=== Entries shown ===

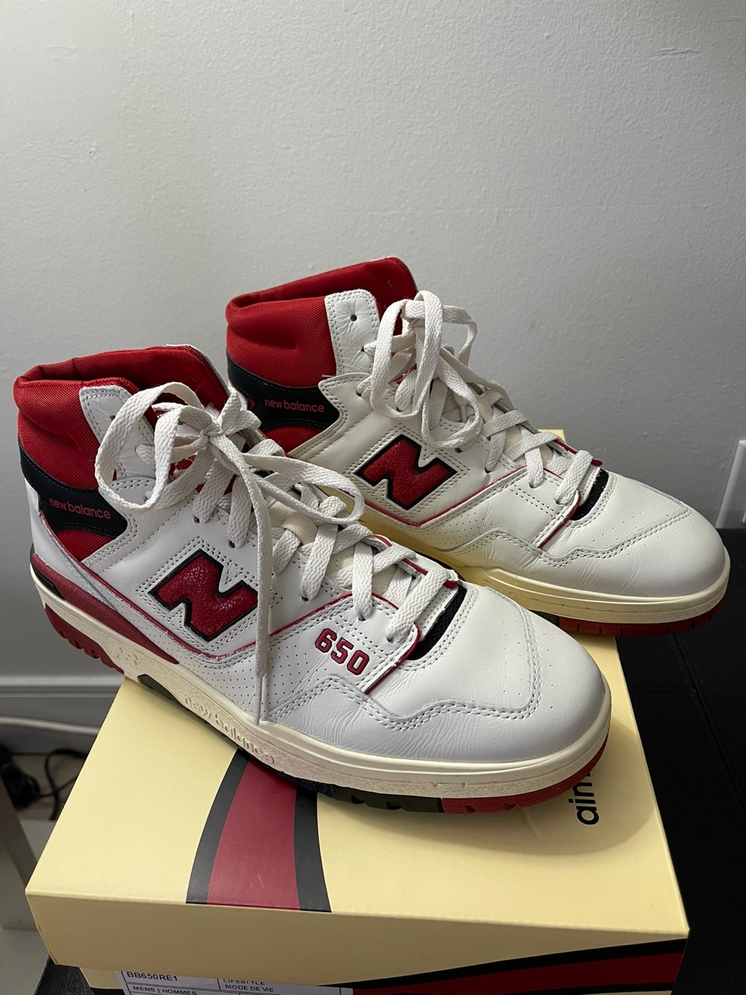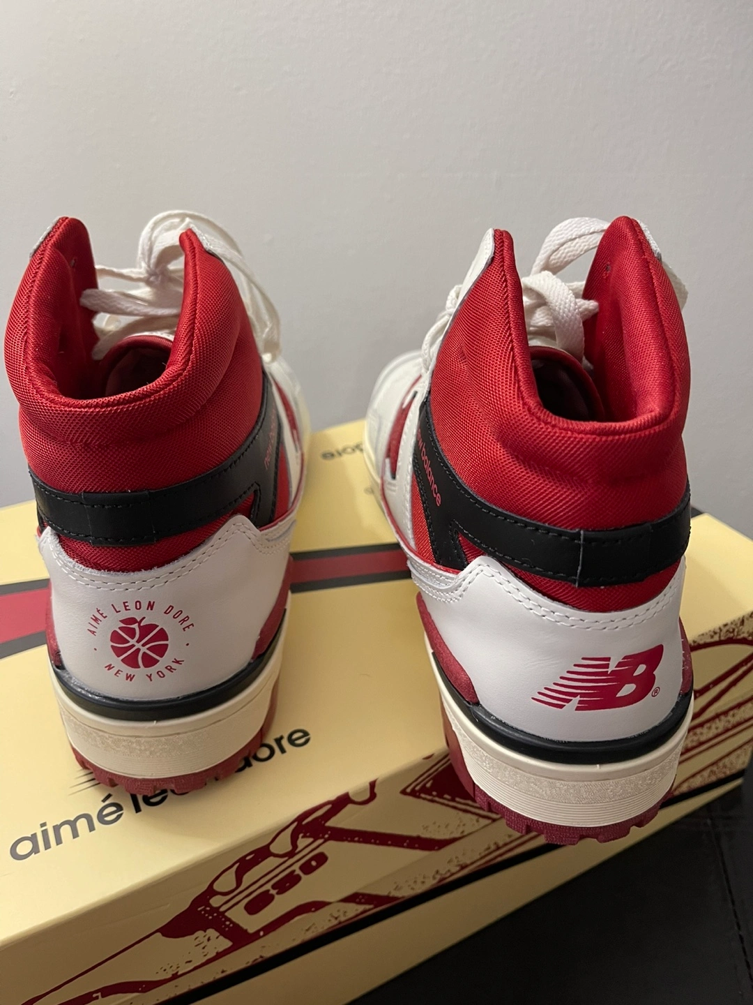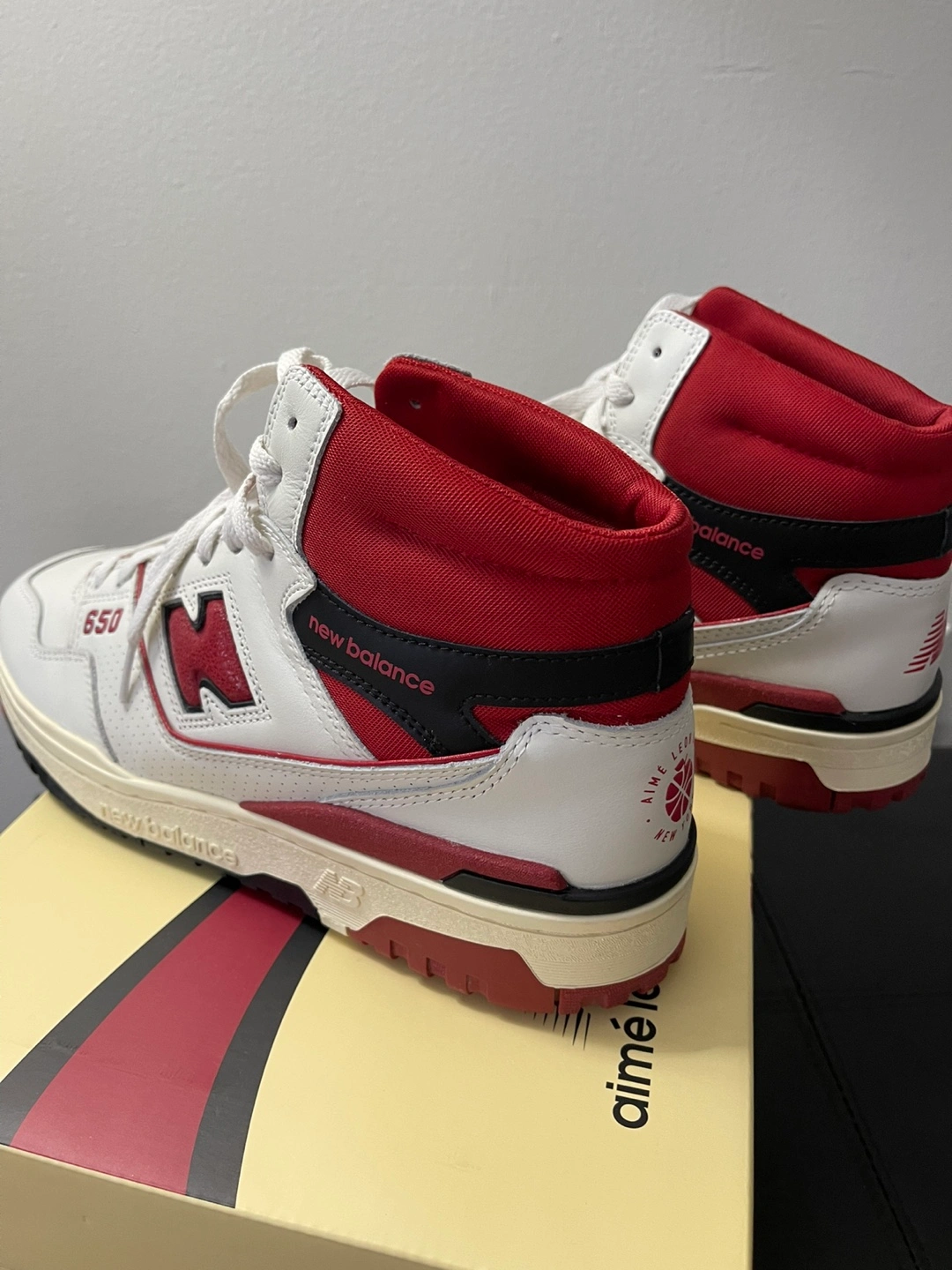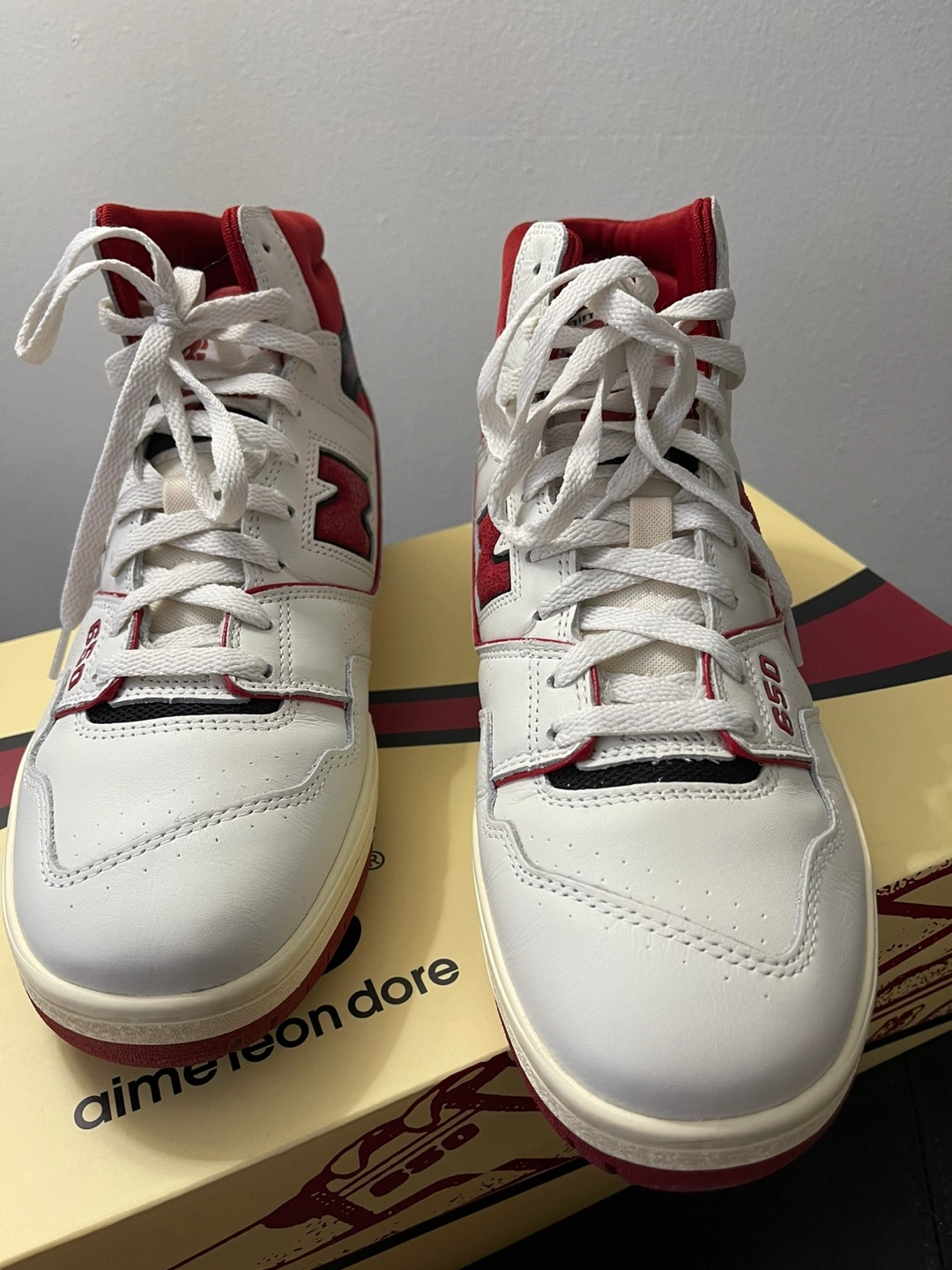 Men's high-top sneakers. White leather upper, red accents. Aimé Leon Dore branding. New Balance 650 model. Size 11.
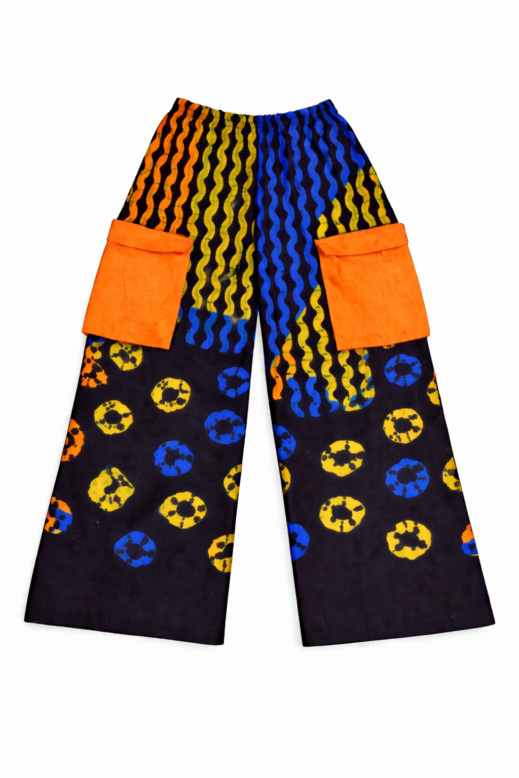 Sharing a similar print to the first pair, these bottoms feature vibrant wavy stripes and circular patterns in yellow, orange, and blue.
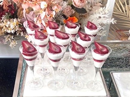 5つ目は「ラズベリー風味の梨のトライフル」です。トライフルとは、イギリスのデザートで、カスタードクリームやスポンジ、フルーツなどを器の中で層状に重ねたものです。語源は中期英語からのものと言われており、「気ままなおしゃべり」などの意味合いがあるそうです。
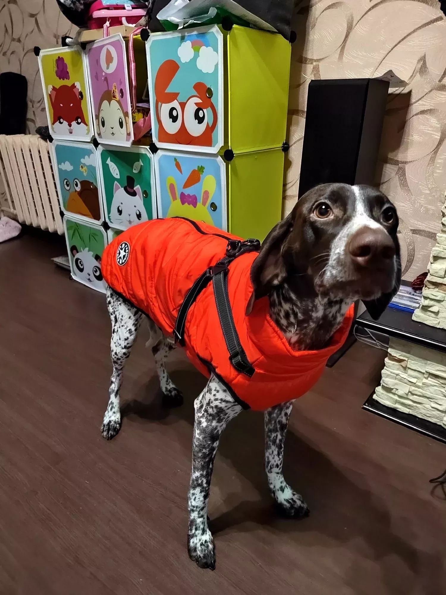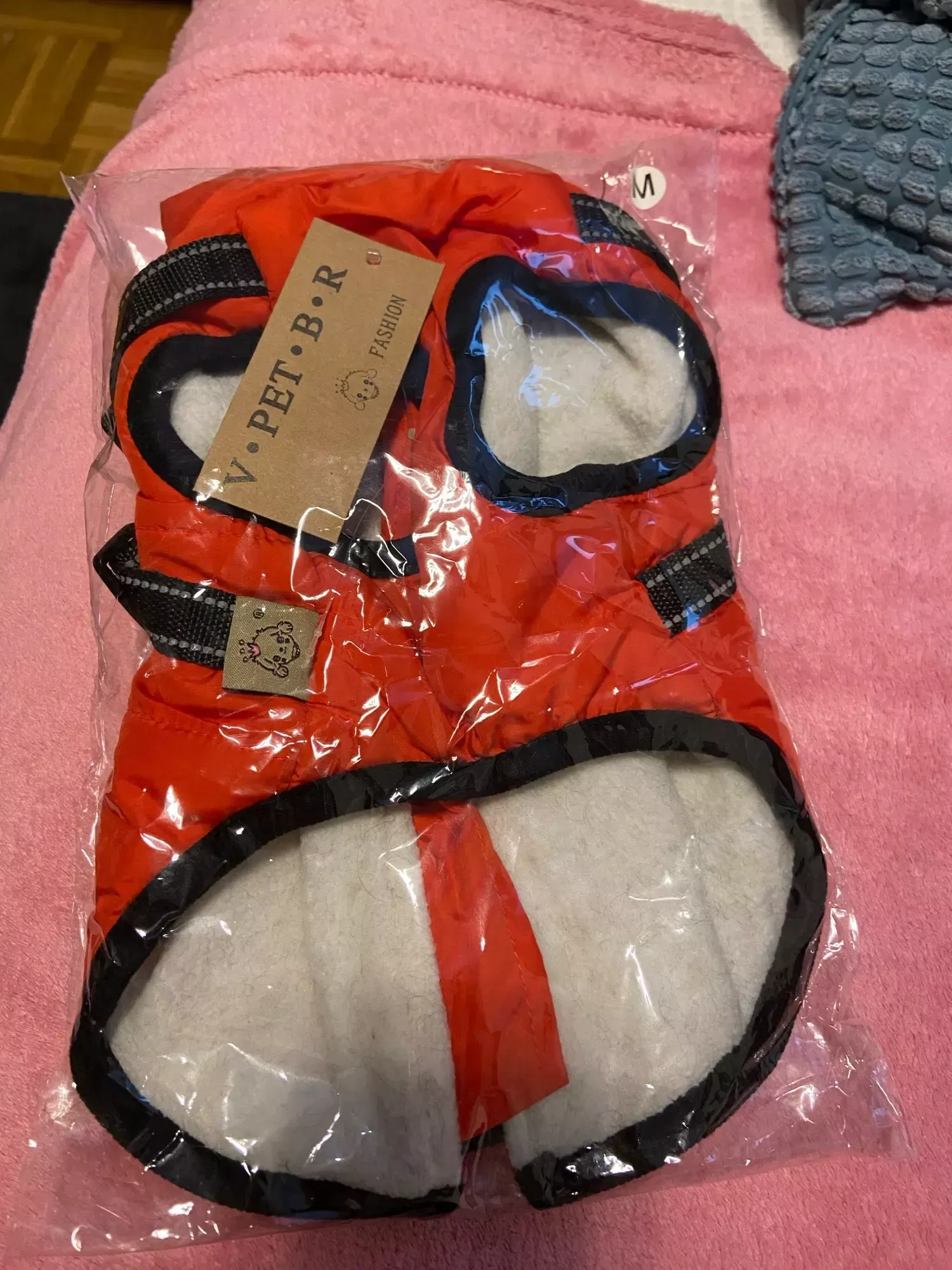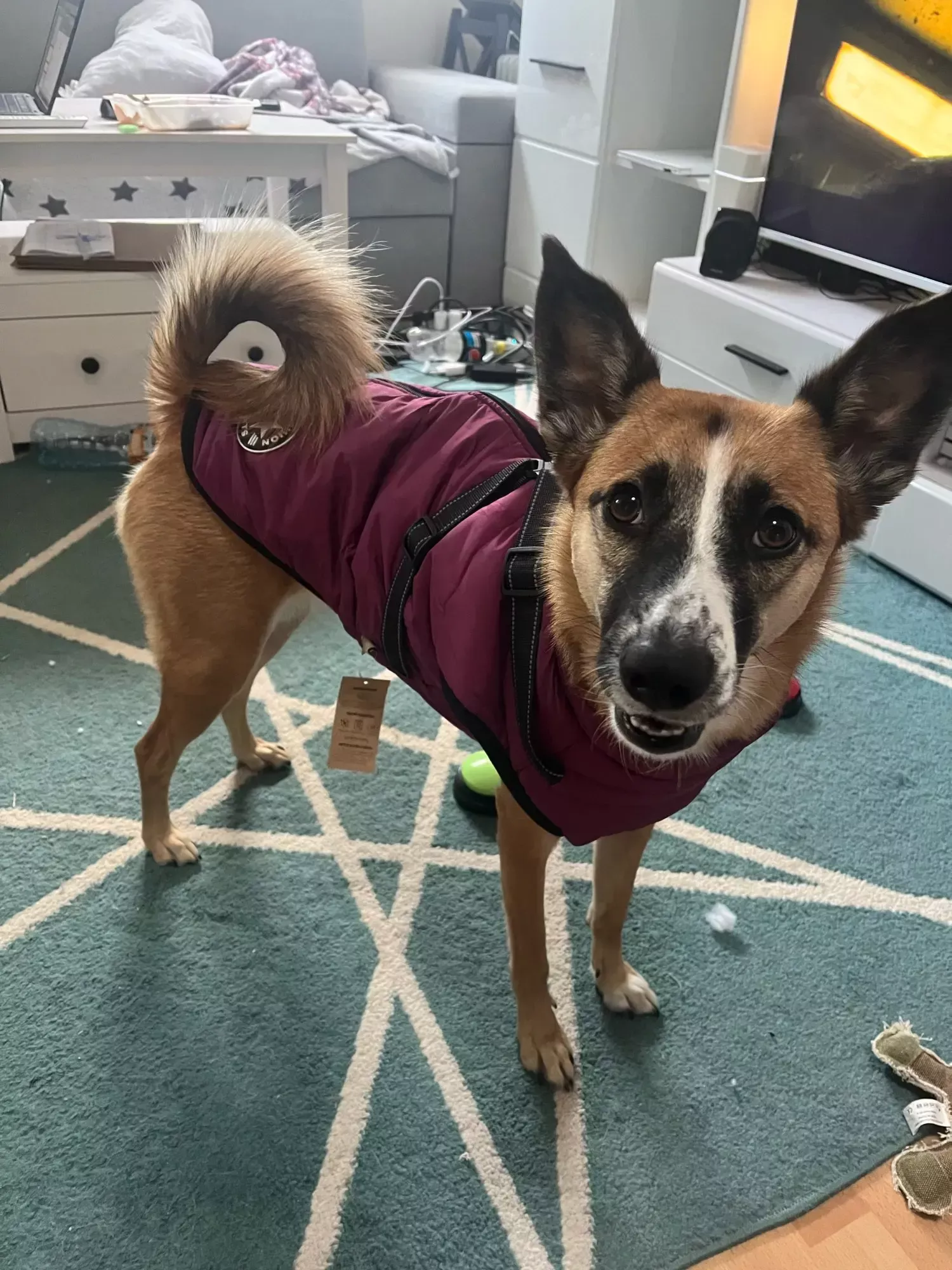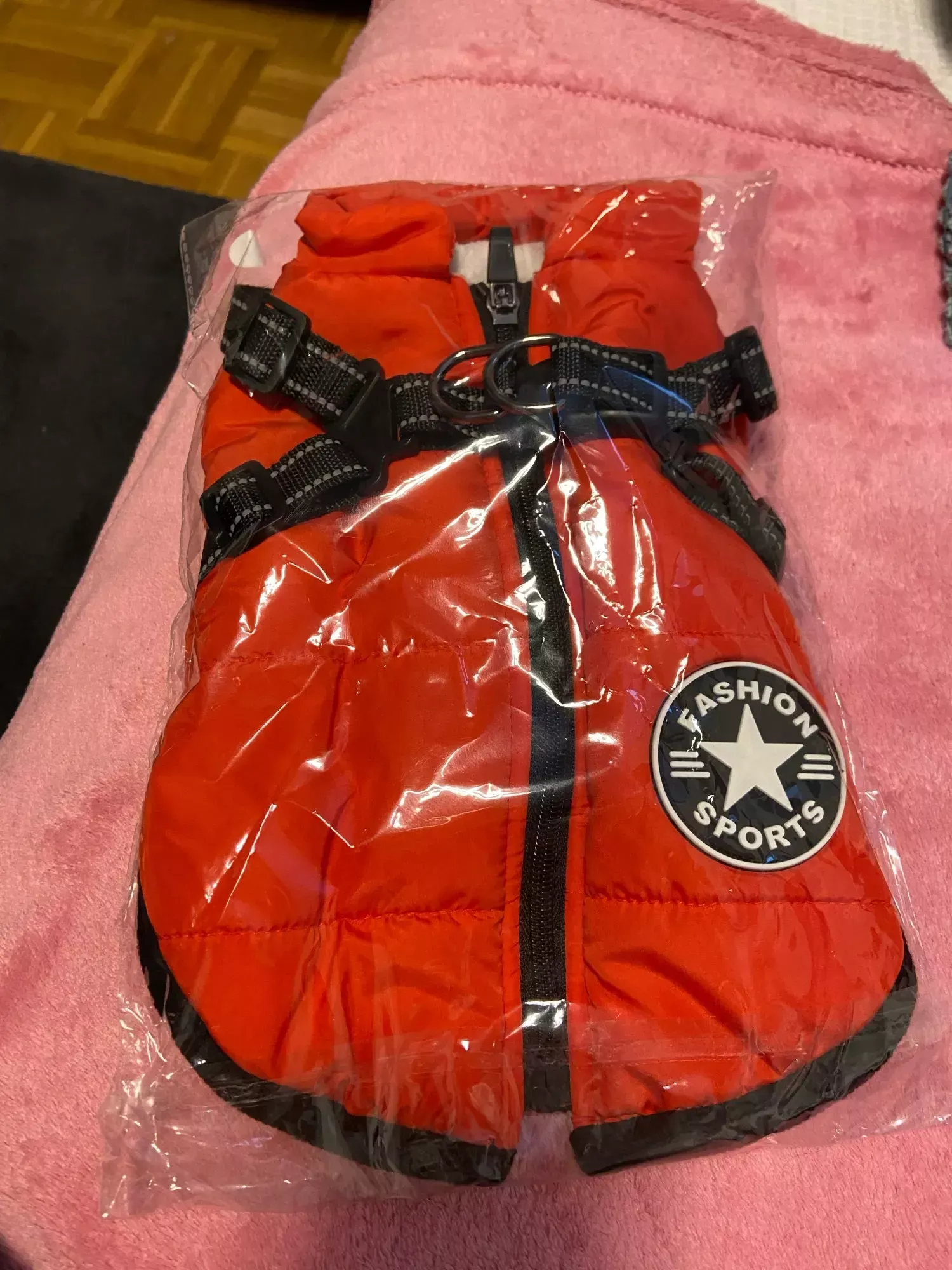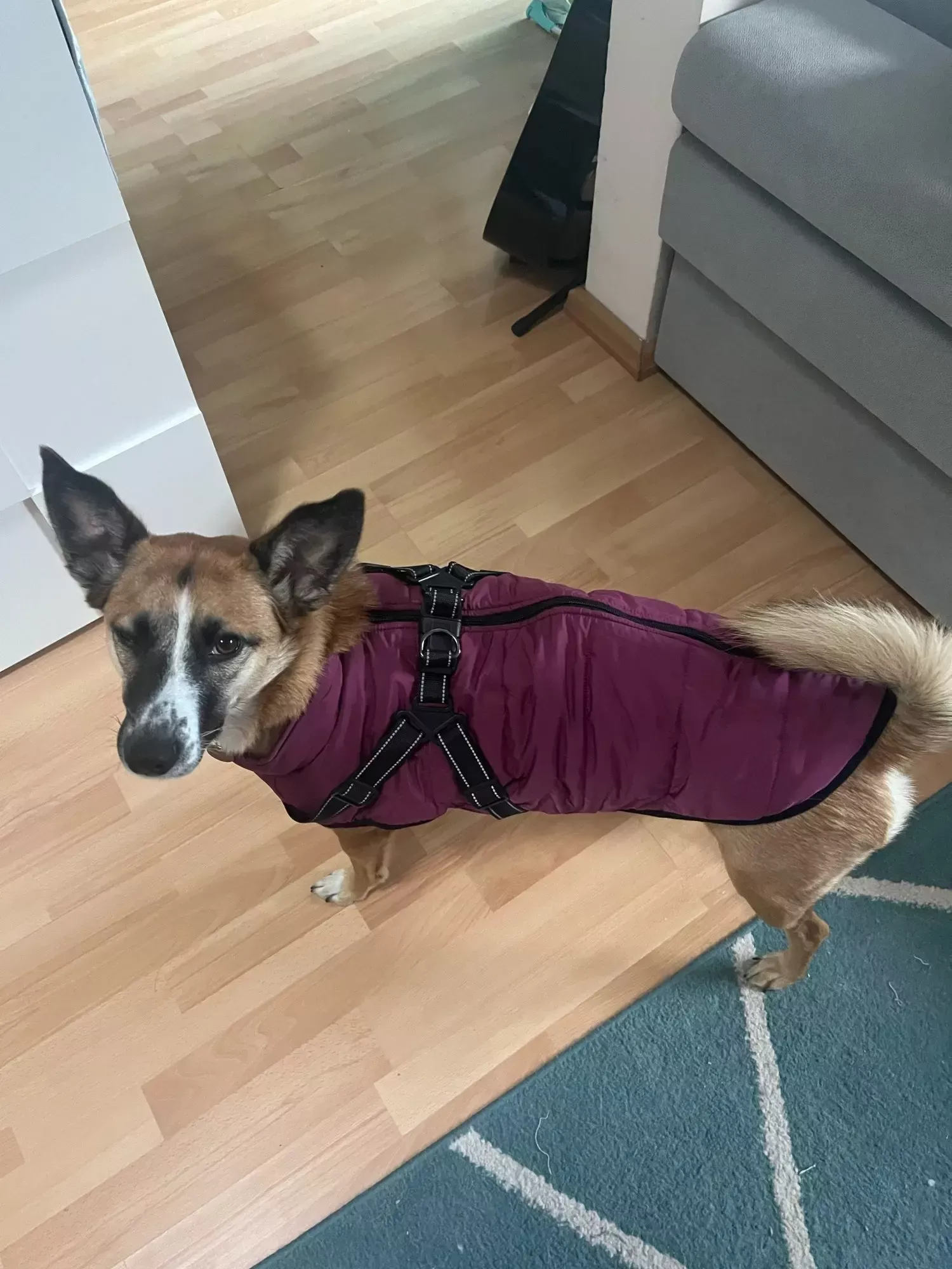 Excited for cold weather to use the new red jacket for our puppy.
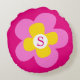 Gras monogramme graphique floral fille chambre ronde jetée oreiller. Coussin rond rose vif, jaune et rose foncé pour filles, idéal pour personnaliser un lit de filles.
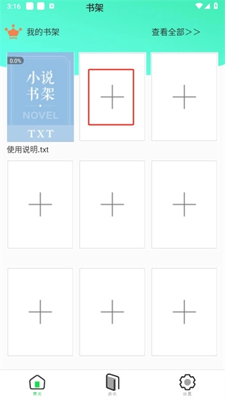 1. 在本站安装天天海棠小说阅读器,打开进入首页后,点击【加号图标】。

===

All entries above should be returned exactly, apart from their pictures.

 Men's high-top sneakers. White leather upper, red accents. Aimé Leon Dore branding. New Balance 650 model. Size 11.
 Sharing a similar print to the first pair, these bottoms feature vibrant wavy stripes and circular patterns in yellow, orange, and blue.
 5つ目は「ラズベリー風味の梨のトライフル」です。トライフルとは、イギリスのデザートで、カスタードクリームやスポンジ、フルーツなどを器の中で層状に重ねたものです。語源は中期英語からのものと言われており、「気ままなおしゃべり」などの意味合いがあるそうです。
 Excited for cold weather to use the new red jacket for our puppy.
 Gras monogramme graphique floral fille chambre ronde jetée oreiller. Coussin rond rose vif, jaune et rose foncé pour filles, idéal pour personnaliser un lit de filles.
 1. 在本站安装天天海棠小说阅读器,打开进入首页后,点击【加号图标】。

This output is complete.